→ TASK PROMPT: Each line below either holds the string "voor" or doesn't. Count those that do and give only the number.

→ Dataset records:
————

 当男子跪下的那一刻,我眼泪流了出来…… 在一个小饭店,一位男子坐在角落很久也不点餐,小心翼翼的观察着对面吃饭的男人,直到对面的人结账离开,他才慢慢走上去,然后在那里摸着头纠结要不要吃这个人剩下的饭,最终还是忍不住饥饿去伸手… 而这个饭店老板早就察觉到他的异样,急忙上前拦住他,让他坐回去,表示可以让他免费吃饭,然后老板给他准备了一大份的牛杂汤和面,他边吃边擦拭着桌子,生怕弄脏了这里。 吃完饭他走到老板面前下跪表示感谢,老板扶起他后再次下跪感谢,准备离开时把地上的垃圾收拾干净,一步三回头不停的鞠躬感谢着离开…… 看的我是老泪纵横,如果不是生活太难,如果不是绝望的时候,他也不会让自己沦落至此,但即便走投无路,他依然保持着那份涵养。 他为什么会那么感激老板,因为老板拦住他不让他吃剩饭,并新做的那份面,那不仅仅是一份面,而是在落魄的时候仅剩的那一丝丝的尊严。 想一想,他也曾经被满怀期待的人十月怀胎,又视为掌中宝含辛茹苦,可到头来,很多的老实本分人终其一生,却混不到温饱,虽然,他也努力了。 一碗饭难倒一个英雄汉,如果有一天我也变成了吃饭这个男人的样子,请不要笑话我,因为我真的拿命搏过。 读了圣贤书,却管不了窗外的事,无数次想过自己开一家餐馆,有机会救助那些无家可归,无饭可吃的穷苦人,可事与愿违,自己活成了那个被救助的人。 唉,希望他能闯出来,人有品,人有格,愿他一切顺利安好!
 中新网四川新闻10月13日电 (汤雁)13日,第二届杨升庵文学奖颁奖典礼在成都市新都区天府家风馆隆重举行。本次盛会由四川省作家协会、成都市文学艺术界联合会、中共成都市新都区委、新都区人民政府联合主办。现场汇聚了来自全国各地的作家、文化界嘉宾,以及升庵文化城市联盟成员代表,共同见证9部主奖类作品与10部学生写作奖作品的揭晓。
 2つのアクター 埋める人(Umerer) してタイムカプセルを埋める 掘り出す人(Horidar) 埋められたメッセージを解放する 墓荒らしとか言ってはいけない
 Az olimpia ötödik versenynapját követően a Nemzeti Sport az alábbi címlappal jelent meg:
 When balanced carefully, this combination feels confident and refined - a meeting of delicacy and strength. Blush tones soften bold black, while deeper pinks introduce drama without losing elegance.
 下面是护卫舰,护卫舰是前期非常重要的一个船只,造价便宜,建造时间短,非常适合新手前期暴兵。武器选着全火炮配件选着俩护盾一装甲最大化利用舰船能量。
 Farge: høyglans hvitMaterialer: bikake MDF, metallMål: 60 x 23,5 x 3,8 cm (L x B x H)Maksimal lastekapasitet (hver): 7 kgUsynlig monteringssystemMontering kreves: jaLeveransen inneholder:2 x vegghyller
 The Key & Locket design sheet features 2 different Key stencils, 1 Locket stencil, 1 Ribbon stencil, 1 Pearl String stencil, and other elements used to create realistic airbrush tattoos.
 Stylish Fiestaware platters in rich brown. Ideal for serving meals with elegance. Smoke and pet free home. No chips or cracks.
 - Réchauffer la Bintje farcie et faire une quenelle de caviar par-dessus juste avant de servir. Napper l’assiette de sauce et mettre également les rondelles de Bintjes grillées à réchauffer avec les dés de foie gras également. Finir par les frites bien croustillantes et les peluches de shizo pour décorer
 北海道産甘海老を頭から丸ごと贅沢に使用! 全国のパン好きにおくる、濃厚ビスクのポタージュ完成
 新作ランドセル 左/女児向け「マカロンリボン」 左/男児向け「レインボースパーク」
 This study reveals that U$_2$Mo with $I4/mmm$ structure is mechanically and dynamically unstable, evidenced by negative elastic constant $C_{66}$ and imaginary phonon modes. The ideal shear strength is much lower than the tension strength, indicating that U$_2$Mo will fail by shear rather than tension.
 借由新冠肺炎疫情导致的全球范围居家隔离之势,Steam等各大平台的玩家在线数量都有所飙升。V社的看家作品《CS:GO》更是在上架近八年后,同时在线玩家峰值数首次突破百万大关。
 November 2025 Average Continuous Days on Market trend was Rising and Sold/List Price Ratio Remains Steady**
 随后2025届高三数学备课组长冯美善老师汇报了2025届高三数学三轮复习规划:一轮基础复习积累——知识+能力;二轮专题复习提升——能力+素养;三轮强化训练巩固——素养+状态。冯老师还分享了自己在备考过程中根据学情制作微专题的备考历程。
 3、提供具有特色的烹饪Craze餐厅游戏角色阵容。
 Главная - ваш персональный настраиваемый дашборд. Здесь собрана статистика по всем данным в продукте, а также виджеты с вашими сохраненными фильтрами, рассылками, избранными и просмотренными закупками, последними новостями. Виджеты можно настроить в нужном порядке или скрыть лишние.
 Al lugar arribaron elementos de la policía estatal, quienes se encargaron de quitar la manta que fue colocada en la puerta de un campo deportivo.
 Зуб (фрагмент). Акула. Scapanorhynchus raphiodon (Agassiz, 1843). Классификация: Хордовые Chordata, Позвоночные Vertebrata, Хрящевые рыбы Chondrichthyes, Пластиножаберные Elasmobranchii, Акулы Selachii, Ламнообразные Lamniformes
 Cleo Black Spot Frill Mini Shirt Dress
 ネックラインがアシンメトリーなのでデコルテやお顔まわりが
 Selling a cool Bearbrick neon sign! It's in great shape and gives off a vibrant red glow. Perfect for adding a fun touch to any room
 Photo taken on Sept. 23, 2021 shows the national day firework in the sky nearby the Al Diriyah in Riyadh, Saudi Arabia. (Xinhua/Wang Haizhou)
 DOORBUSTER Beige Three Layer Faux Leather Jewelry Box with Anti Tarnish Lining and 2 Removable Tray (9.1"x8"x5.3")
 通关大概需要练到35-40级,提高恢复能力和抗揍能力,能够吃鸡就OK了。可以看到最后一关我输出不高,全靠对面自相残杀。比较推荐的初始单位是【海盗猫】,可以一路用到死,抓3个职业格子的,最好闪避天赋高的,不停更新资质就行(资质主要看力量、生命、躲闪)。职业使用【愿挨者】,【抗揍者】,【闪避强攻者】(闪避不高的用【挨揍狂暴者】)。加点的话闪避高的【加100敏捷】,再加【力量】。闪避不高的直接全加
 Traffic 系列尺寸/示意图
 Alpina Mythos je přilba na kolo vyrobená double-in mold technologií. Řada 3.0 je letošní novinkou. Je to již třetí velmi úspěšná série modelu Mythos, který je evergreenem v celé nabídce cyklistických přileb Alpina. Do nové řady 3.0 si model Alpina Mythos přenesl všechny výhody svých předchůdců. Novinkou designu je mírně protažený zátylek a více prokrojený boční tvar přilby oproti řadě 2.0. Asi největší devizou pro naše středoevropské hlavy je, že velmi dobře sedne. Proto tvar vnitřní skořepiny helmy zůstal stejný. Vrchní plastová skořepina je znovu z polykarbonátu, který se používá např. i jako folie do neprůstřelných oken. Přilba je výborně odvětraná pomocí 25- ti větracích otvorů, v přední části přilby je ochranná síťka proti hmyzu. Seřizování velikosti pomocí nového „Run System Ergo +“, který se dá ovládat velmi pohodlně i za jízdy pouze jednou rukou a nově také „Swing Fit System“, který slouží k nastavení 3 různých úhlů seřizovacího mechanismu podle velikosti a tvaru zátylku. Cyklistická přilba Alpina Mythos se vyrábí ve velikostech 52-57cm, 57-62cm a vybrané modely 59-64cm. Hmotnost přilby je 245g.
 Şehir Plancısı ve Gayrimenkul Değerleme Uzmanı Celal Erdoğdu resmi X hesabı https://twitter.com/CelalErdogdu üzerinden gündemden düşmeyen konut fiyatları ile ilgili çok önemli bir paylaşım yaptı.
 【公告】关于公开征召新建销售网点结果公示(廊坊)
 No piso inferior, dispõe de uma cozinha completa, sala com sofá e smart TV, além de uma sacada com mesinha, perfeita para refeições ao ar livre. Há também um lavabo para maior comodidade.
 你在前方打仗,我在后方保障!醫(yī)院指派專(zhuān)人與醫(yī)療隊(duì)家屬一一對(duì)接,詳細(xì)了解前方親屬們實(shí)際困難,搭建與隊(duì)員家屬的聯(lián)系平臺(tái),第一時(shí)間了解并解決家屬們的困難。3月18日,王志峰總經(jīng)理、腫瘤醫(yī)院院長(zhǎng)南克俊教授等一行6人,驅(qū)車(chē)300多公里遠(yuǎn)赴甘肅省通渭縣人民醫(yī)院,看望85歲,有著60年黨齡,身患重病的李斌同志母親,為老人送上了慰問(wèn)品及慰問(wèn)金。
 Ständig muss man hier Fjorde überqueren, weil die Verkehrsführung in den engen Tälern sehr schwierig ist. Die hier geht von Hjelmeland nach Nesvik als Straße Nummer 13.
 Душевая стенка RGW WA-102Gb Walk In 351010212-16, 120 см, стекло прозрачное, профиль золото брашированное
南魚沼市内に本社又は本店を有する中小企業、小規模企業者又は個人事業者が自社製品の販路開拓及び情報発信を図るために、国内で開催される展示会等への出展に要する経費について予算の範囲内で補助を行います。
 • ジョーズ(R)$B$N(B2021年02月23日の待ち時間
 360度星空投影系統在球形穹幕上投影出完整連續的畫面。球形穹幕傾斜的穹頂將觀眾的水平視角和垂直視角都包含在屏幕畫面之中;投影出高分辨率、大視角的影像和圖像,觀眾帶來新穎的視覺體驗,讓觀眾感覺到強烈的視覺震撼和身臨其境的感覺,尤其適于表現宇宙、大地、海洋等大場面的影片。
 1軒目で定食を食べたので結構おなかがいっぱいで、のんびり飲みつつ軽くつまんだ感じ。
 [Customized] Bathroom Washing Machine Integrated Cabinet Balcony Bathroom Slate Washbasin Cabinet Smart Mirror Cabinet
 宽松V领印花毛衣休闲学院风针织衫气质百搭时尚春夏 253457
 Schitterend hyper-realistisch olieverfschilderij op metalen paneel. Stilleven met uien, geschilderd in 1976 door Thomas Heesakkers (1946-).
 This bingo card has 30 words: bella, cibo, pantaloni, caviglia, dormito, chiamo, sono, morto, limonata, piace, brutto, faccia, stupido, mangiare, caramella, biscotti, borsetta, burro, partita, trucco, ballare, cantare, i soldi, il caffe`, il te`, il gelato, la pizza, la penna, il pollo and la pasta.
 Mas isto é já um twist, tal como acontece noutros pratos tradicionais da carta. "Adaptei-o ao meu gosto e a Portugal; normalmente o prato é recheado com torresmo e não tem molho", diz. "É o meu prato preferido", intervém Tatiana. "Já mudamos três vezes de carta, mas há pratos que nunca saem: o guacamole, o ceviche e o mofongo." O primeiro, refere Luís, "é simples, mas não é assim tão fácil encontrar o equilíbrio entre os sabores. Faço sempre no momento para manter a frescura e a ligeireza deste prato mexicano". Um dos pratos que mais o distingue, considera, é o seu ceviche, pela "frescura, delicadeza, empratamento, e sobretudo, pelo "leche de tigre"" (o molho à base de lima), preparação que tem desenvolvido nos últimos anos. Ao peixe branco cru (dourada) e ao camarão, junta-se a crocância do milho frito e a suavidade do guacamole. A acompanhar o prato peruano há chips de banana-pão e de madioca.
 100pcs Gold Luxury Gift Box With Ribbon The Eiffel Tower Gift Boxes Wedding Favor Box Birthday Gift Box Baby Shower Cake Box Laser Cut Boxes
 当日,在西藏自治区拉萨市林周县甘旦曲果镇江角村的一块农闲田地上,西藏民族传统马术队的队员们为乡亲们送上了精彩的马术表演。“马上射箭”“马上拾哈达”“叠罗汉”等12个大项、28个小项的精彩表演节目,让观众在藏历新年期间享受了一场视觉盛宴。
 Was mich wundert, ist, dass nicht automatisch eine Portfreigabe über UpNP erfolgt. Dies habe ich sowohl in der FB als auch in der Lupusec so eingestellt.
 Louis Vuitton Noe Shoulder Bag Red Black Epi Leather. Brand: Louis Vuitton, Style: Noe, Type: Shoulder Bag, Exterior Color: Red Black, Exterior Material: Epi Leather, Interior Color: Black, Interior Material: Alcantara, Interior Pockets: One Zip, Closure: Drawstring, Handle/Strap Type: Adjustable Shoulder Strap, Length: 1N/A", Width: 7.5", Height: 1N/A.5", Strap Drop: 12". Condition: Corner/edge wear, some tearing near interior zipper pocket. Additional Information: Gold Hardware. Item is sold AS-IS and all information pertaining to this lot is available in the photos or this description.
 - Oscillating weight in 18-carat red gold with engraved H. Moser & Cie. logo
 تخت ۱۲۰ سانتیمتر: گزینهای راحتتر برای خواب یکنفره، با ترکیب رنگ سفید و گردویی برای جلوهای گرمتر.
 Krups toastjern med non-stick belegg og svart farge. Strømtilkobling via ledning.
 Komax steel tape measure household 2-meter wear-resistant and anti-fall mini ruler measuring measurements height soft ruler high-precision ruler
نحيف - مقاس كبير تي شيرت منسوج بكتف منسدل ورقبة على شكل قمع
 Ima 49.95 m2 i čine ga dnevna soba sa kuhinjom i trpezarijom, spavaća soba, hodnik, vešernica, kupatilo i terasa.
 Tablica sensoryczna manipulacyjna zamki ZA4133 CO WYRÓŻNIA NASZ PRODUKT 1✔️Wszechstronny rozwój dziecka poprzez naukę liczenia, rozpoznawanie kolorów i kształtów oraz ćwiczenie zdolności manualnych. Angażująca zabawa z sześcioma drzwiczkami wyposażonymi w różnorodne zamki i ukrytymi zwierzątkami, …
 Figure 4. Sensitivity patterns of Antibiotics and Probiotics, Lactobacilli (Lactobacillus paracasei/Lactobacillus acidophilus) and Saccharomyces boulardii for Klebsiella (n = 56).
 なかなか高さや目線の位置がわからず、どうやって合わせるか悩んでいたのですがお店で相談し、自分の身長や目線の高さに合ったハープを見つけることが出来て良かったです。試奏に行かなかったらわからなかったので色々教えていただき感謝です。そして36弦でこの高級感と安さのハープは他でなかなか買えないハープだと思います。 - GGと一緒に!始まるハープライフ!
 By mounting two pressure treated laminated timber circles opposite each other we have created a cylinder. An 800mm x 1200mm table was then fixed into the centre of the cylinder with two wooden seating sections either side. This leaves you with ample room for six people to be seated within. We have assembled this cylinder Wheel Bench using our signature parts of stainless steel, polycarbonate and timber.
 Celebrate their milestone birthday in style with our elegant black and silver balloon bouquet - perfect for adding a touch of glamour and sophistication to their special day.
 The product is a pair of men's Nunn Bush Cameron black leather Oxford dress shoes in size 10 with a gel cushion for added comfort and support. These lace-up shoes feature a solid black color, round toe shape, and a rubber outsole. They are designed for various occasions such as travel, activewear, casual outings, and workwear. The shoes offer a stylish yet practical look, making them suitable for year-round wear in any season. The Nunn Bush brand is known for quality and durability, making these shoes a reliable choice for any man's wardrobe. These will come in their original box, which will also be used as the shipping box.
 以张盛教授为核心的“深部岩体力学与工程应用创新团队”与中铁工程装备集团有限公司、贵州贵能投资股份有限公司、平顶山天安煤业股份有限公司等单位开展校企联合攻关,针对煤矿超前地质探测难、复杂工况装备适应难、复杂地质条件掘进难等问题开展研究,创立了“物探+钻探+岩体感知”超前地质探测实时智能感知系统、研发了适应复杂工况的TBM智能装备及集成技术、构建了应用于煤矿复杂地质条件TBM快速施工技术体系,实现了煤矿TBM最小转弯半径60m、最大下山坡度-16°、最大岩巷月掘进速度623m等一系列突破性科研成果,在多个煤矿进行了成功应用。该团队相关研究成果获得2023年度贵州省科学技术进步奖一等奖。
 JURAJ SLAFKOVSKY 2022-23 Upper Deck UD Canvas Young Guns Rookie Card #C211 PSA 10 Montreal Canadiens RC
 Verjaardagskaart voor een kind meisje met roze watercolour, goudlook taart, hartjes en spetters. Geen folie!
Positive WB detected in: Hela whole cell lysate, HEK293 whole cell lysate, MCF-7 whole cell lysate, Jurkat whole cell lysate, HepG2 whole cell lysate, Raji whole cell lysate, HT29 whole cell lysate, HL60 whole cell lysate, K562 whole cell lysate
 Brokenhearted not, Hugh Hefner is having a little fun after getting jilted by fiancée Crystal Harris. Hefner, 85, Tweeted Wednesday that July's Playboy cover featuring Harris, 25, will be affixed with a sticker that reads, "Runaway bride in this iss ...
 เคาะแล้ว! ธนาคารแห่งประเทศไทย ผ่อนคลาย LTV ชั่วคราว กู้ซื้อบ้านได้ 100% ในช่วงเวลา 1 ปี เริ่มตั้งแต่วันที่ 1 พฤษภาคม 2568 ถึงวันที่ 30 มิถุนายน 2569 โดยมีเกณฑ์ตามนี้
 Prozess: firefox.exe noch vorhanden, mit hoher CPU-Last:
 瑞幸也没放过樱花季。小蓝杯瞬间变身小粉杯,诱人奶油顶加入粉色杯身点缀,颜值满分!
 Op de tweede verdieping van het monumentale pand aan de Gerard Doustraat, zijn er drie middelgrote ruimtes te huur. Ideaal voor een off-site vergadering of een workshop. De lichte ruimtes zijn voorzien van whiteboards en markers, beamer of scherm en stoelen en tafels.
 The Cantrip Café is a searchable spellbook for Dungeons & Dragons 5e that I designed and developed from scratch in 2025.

————

→ ANSWER BOX: 2